Le ragioni dell’almeno parziale fallimento del progetto potrebbero essere ricercate in diversi fattori, non da ultimo quello di natura prettamente culturale, che anche vent’anni fa promuoveva ed incoraggiava una gestione prettamente familista della cura e dell’assistenza, rendendo particolarmente complesso lo sviluppo di modelli organizzativi differenti incentrati su una gestione della non autosufficienza al di fuori delle mura domestiche. Secondariamente, impossibile trascurare le problematiche legate alla promozione sul territorio del progetto. Le analisi effettuate all’epoca avevano infatti rilevato che molti degli utenti potenzialmente interessati ad usufruire dei servizi offerti non si erano rivolti agli organi competenti, in quanto non informati dell’esistenza di questa opportunità. Anche sotto il profilo più strettamente comunicativo, pertanto, si erano riscontrate delle significative difficoltà, probabilmente in parte rivelatrici della presenza di molteplici criticità su più fronti e non solo vincolate agli aspetti prettamente giuridici e giuslavoristici.

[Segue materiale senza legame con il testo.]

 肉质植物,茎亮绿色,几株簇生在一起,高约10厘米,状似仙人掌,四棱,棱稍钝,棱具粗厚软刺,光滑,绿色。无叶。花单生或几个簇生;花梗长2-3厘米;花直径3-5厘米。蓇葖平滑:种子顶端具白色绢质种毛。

Da ultimo, innegabile l’ulteriore limite rappresentato dalla tipologia contrattuale messa a disposizione delle famiglie, la collaborazione coordinata e continuativa.

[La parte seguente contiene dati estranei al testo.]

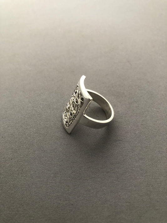 Ladies filigree square solid silver ring
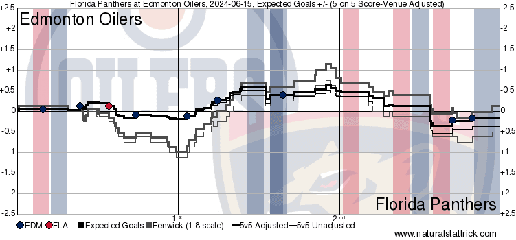 Corsi King – It wasn’t like Edmonton spent a crazy amount of time on the attack, but they were extremely opportunistic all night long. That’s a nice way of saying the Panthers goaltending was terrible. Phillip Broberg (54.83 percent) went from a healthy scratch for three rounds to now being a focal point in the top four. He had a great game today after he and Nurse (45.55 percent) made some blunders the game prior. Up front, Derek Ryan (63.59 percent) had the highest percentage but only played 6:54 during 5v5 play. Mattias Janmark (54.71 percent) had people on the internet calling this the Janmark game early – he was tenacious and all over the puck 5v5 while being the catalyst to everything with the shorthanded goal. He and Connor Brown (45.69 percent) have formed one of the best-shorthanded duos this postseason and have come in clutch with a few postseason tallies.

Nonostante, infatti, fosse una scelta obbligata, dettata dall’ordinamento giuridico, la stessa era stata ritenuta eccessivamente onerosa dagli interessati. Le indagini che avevano seguito il periodo “pilota” del progetto avevano infatti confermato che gli utenti avevano deciso di non usufruire delle misure a loro disposizione prevalentemente per aspetti di natura economica. La collaborazione coordinata e continuativa era risultata, in questi termini, una tipologia contrattuale eccessivamente onerosa per le famiglie in stato di difficoltà, che avevano pertanto preferito continuare a sfruttare strumenti alternativi, seppur spesso irregolari95.

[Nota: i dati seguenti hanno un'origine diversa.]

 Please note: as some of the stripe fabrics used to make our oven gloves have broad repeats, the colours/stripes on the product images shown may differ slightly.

95 I risultati del progetto, così come descritti, sono stati dettagliatamente analizzati in C. Serra, Un case study sull’esperienza delle intese locali per l’occupazione in Italia: il Patto Modenese sull’assistenza domiciliare agli anziani, in Diritto delle Relazioni Industriali, n. 3, 2002, pp. 521 ss. In particolare, vengono ripercorsi i dati raccolti ed analizzati a conclusione del periodo pilota, proponendo un particolare focus su come la tipologia contrattuale della collaborazione coordinata e continuativa fosse l’unica opzione effettivamente praticabile.